Ditchfield M R, de Campo J F, Nolan T M, Cook D J, Grimwood K, Powell H R, Sloane R, Cahill S
Department of Radiology, Royal Children's Hospital, Melbourne, Australia.
AJR Am J Roentgenol. 1994 Jun;162(6):1393-7. doi: 10.2214/ajr.162.6.8192006.
Defects seen on early cortical scintigrams of the renal cortex in children with urinary tract infection may represent acute inflammatory change or established scar. The purpose of this study was to determine the relationship between these defects and age, sex, the presence and grade of vesicoureteral reflux, and infective organism in a cohort of children examined after their first proved urinary tract infection.
We prospectively examined 193 consecutive patients less than 5 years old who were seen at the ambulatory pediatric department during a 3-year period and had a first proved urinary tract infection. Children with obstructed or solitary kidneys were excluded. All patients were imaged with scintigraphy of the renal cortex and radiographic voiding cystourethrography within 15 days of diagnosis. The association of age, sex, the presence and grade of vesicoureteral reflux, and infective organism with a defect (acute pyelonephritis or a renal scar) seen on a cortical renal scan was studied.
The prevalence of cortical defects was greater in the kidneys of patients less than 2 years old (96/290, 33%) than in older children (16/96, 17%) and greater in those with vesicoureteral reflux (41/92, 45%) than in those without it (71/294, 24%).
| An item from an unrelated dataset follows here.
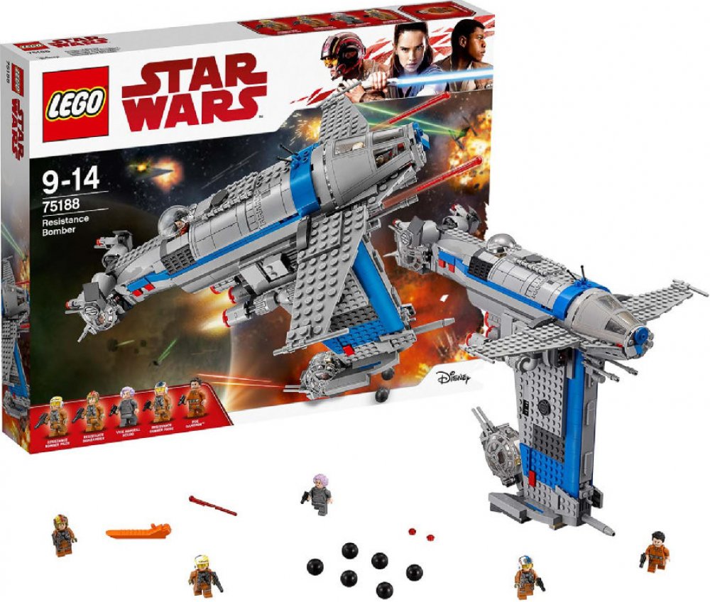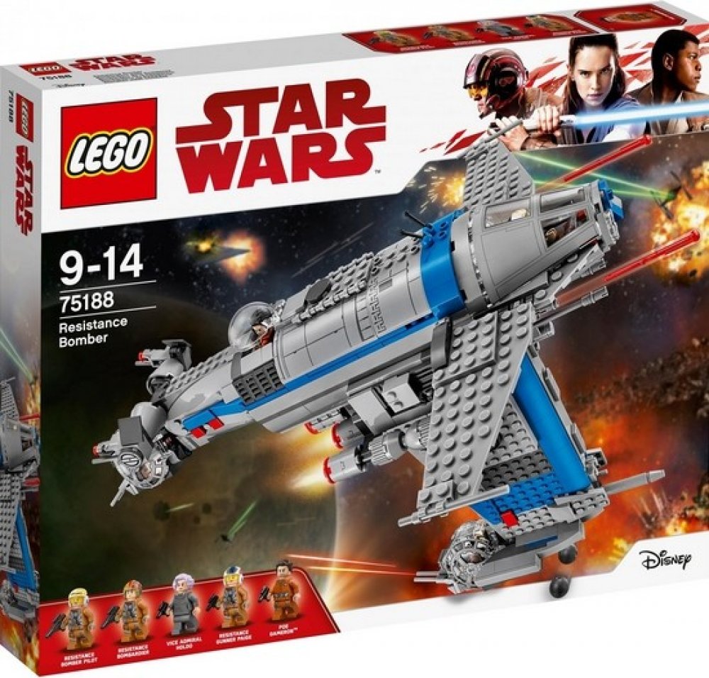LEGO Star Wars - Bombardér Odporu 75188. Přehrávej si akcí nabité mise z LEGO® Star Wars: Epizoda VIII - s Bombardérem Odporu. Obsahuje 780 kostek a věková hranice je od 9 do 14 let.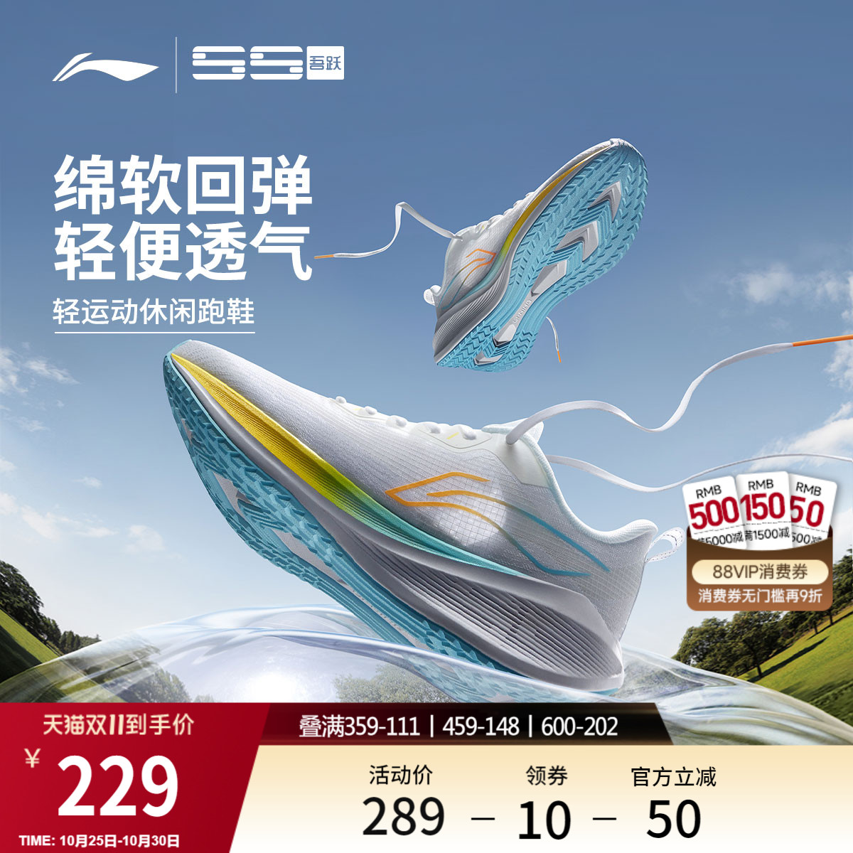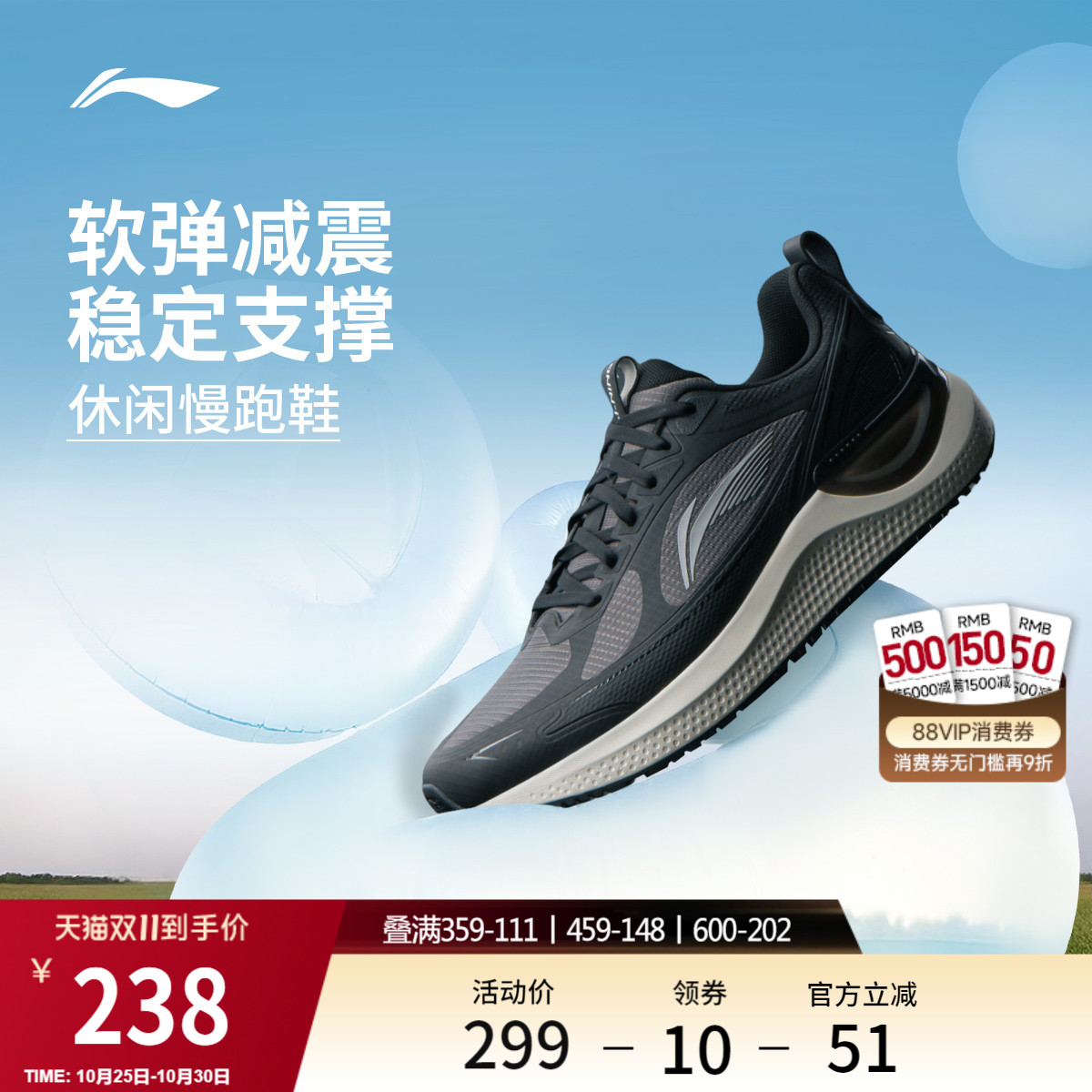 李宁吾跃男款轻便透气跑步鞋

Vesicoureteral reflux was absent in 63% (71/112) of kidneys with a cortical defect. No association with sex or infective organism was established. As well as having a greater prevalence of cortical defects, 145 (75%) of the 193 urinary tract infections included in the study were in children less than 2 years old. The kidneys of these younger patients also had a greater severity and prevalence of vesicoureteral reflux (74/290, 26%) than did those of older children (18/96, 19%).
Early cortical defects are associated with an age less than 2 years and vesicoureteral reflux. However, the association of early defects with the presence and grade of vesicoureteral reflux is confounded by the declining prevalence and severity of reflux with age. A significant proportion of cortical defects occur in the absence of vesicoureteral reflux, and the contribution of reflux to scar formation might be less than previously considered.
尿路感染患儿早期肾皮质闪烁扫描显示的缺损可能代表急性炎症改变或已形成的瘢痕。本研究的目的是在一组首次确诊尿路感染后接受检查的儿童中,确定这些缺损与年龄、性别、膀胱输尿管反流的存在及分级以及感染病原体之间的关系。
我们前瞻性地检查了193例连续的5岁以下患儿,这些患儿在3年期间到儿科门诊就诊且首次确诊尿路感染。排除有梗阻性或孤立肾的患儿。所有患者在诊断后15天内接受肾皮质闪烁扫描和放射学排尿性膀胱尿道造影检查。研究了年龄、性别、膀胱输尿管反流的存在及分级以及感染病原体与肾皮质扫描所见缺损(急性肾盂肾炎或肾瘢痕)之间的关联。
年龄小于2岁患儿的肾脏皮质缺损患病率(96/290,33%)高于年龄较大儿童(16/96,17%),有膀胱输尿管反流患儿的患病率(41/92,45%)高于无反流患儿(71/294,24%)。63%(71/112)有皮质缺损的肾脏无膀胱输尿管反流。未发现与性别或感染病原体有关联。在纳入研究的193例尿路感染中,145例(75%)发生在2岁以下儿童,这些年龄较小患儿的肾脏膀胱输尿管反流的严重程度和患病率(74/290,26%)也高于年龄较大儿童(18/96,19%)。
早期皮质缺损与年龄小于2岁及膀胱输尿管反流有关。然而,随着年龄增长反流患病率和严重程度下降,使得早期缺损与膀胱输尿管反流的存在及分级之间的关联变得复杂。相当一部分皮质缺损发生在无膀胱输尿管反流的情况下,反流对瘢痕形成的作用可能比之前认为的要小。